Nama ‘Sak Ayu’ atau Kota Sekayu dikenal warganya sejak ± 1745 M dan dari fakta serta data sebutan bagi Orang Desa sekeliling ‘Sekayut’. Jika hendak ke kota Sekayu, Bila ditanya hendak  kemana ? Maka jawabnya hendak ke SEKAYU , lidah atu dialek/ucapan ini sekarang masih tetap.
Kota Sekayu tempo dulu, adalah kota Marga Mantri Melayu , yang asal nama itupun diambil dari bujang Melayu ( Rio Kaos ) semasa Depati Sahmad beliau adalah Juru tulis Marga dan memang orangnya pendatang dari Tanah Melayu (Malaka) merantau ke Daerah Musi dan menetap di Dusun Soak ( Nama Sekayu 2) dulu dan menikah dengan keponakan Puyang Depati Sahmad Bin Sahaji , maka dari contoh nama -nama tersebut memberikan nuansa kepada kita yang ada sekarang.
Sekayu adalah sebuah kecamatan yang menjadi ibukota dari Musi Banyuasin sekaligus kota yang berada di bawah naungan Sumatera Selatan.
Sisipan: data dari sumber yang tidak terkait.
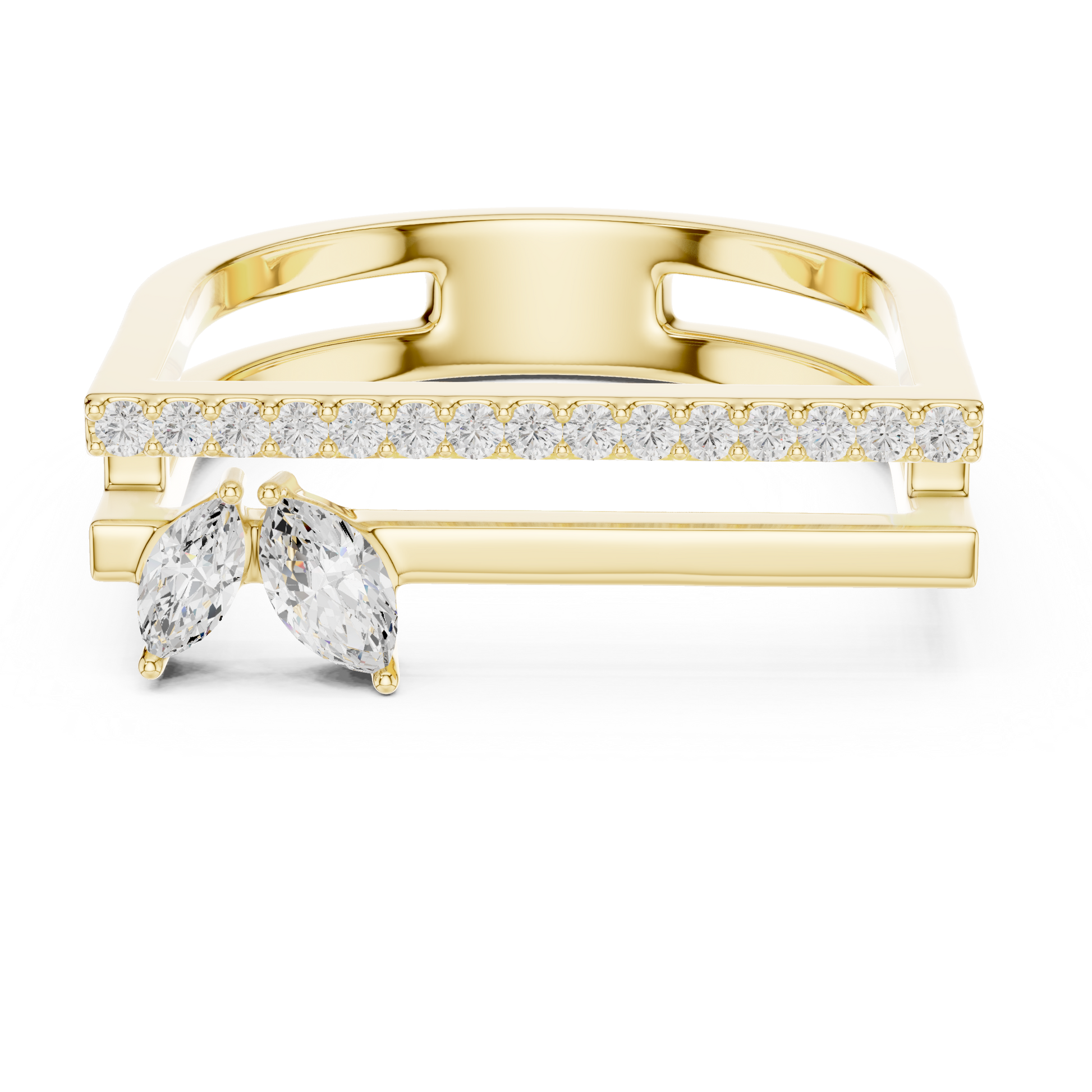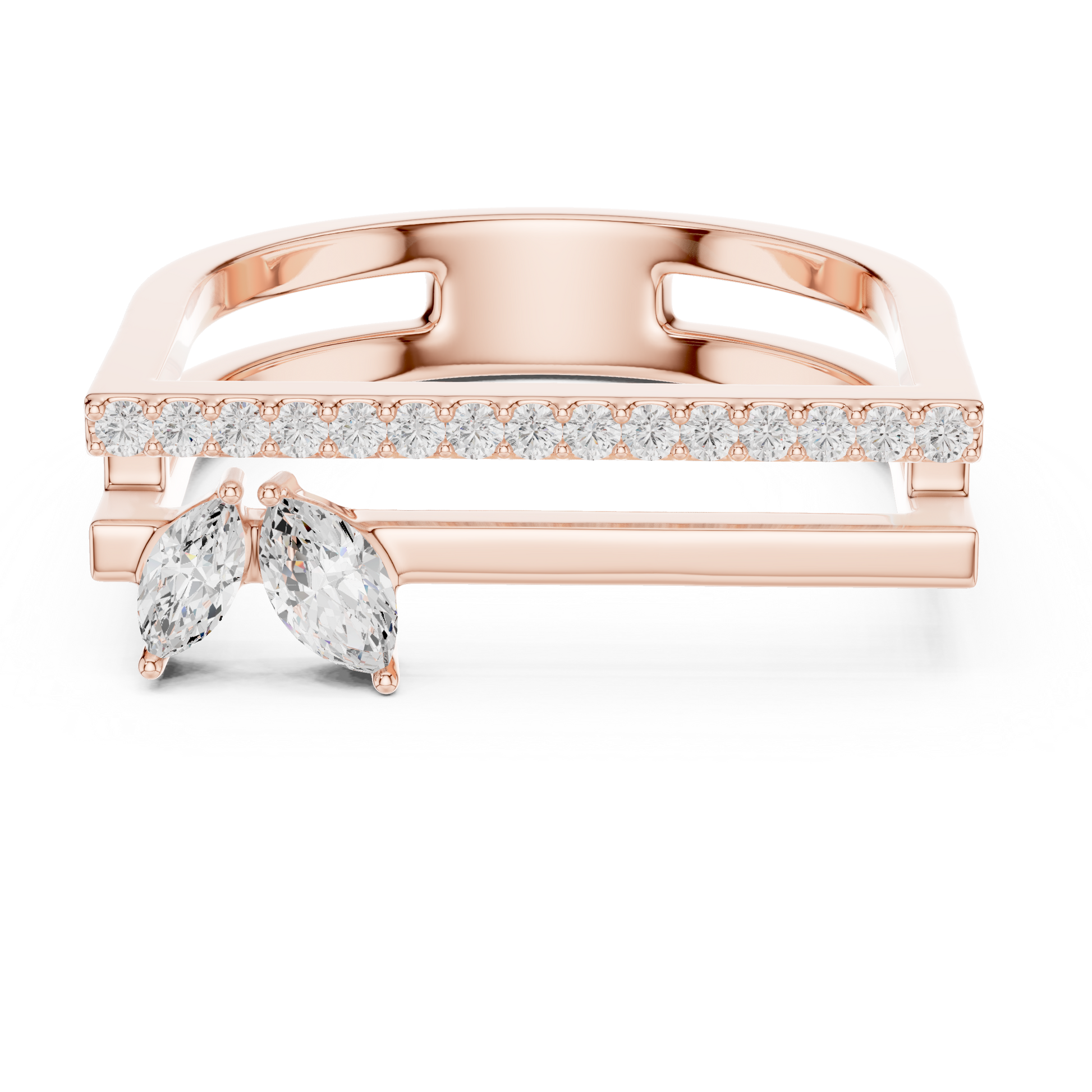 This elegant diamond ring enhancer is designed to perfectly fit around a central engagement or wedding ring Adding subtle sparkle and enhancing the overall look this ring guard creates a cohesive and sophisticated appearance perfect for special occasions or everyday elegance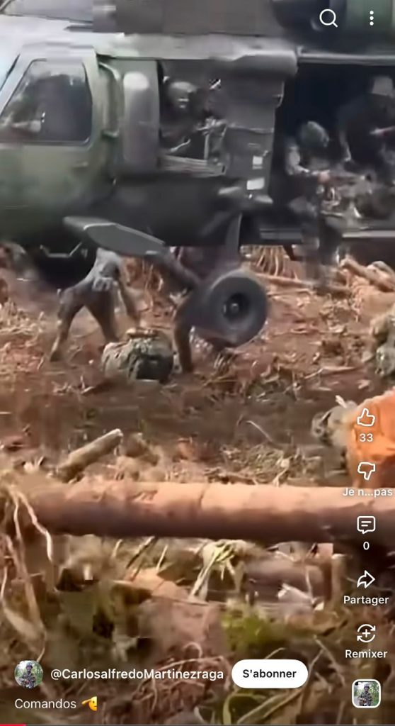 Dans la vidéo : un hélicoptère militaire de type Black Hawk en vol stationnaire très bas au-dessus d’une zone boisée et des militaires qui sautent pour sécuriser la zone. Des éléments qui cadrent avec le contexte des combats dans l’Est de la République démocratique du Congo, où l’armée régulière s’oppose aux rebelles de l’Alliance fleuve Congo – Mouvement 23 mars (AFC/M23), soutenus par le Rwanda.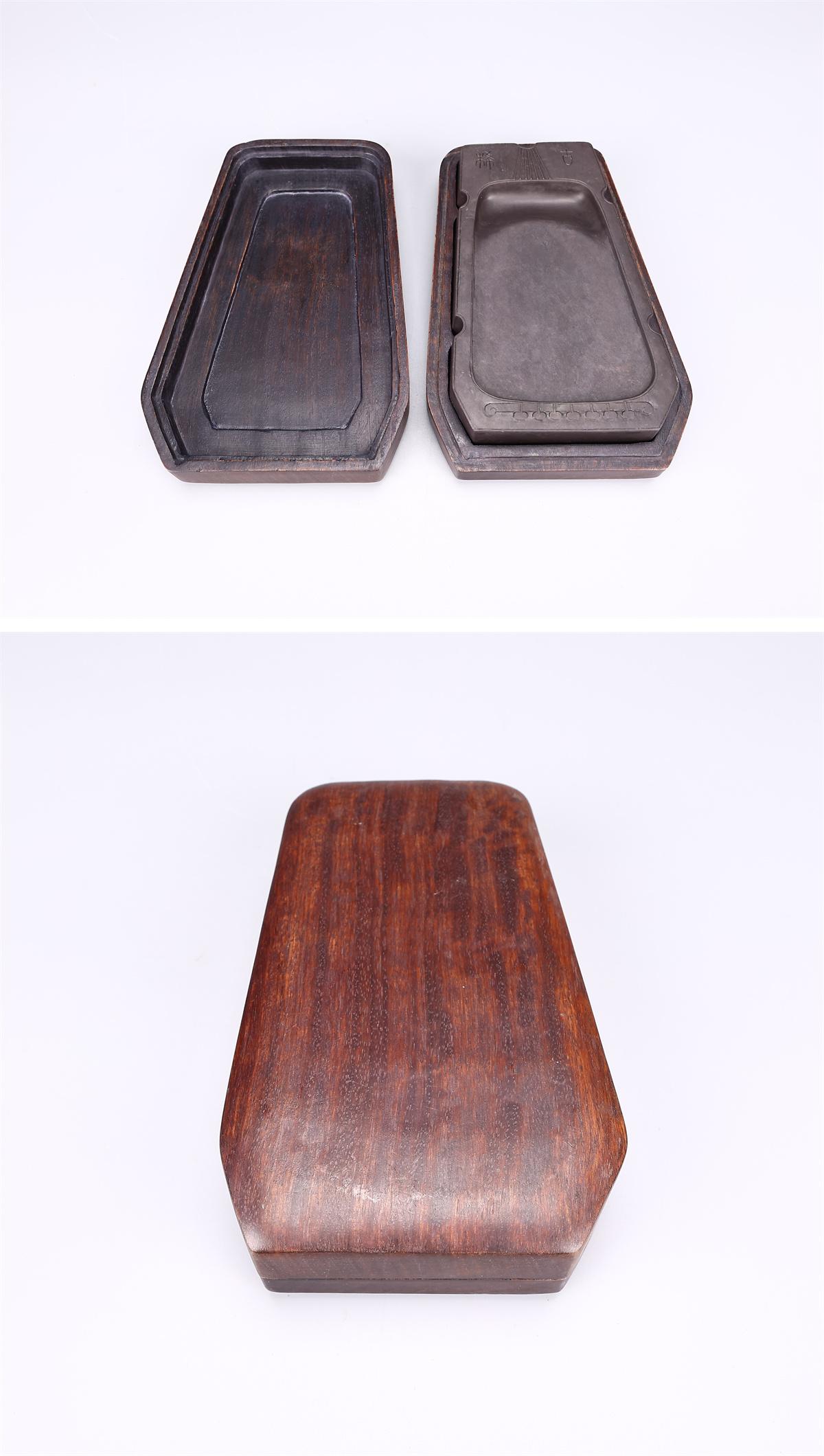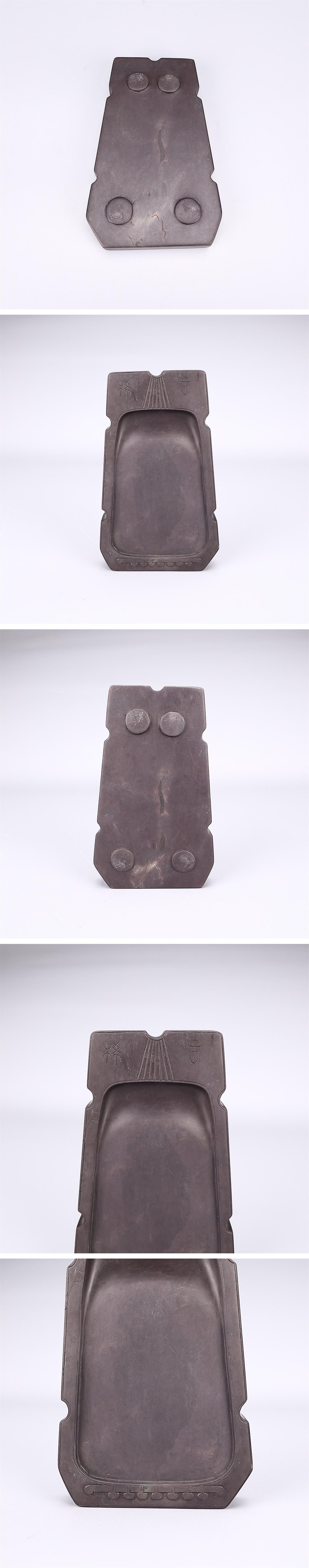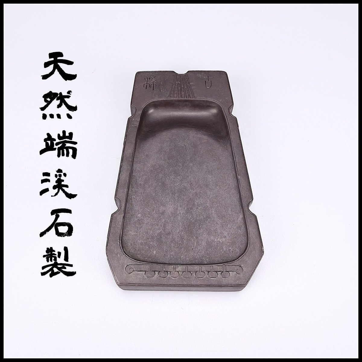 > 【吉】BB144 唐物 【天然端渓石製】 古琴形 書道具 端渓硯 幅15.2×9.5㎝ 重559g/木箱付 本物保証 美品I!

Sekayu berdiri pada tahun 1745 M. Artinya kota Sekayu pada tahun 2006 telah berumur ± 261 Tahun. Kota yang bisa di jangkau dalam waktu ± 3 jam dari kota Palembang, Sumatera Selatan, Indonesia  ini memiliki berbagai macam keunikan dan keunggulan dari kecamatan lainnya yang berada di Sumatera Selatan serta sejuta prestasi yang membanggakan. Prestasi tersebut mulai dari dunia pendidikan hingga budayanya yang tersohor ke seluruh penjuru dunia. Salah satu prestasi besar dalam dunia pendidikan ialah berkesempatannya siswa SMAN 2 Sekayu mengukir sejarah dan menginjakkan kakinya di bumi Turki dalam rangka mengikuti lomba mewakili Indonesia. Tentu saja hal itu tidak dapat diraih jika masyarakatnya tidak memiliki semangat tinggi dan bekobar seperti api. Sesuai dengan semboyan daerah yang telah temurun mendarah: mati dem asak ngetop (biar mati yang penting ngetop => yang penting tercapai keinginan). Begitulah mereka, suku Sekayu rela berdarah-darah dalam mengejar harapan-harapannya. Biar mati yang penting tercapai keinginan. Masyarakat Sekayu dalam mengejar harapan, tergolong ambisius.
Masyarakat Sekayu tersebar keluar di beberapa tempat di propinsi Sumatera Selatan. Arti hurufiah Sekayu adalah `satu kayu', maksudnya adalah sepotongan kain panjang yang digelar di mana di atasnya mereka duduk untuk makan bersama. Ukuran standar dari panjangnya kain disebut sekayu. Suku Sekayu, adalah salah satu komunitas suku yang bermukim di kabupaten Musi Banyuasin provinsi Sumatera Selatan. Populasi suku Sekayu diperkirakan lebih dari 250.000 orang.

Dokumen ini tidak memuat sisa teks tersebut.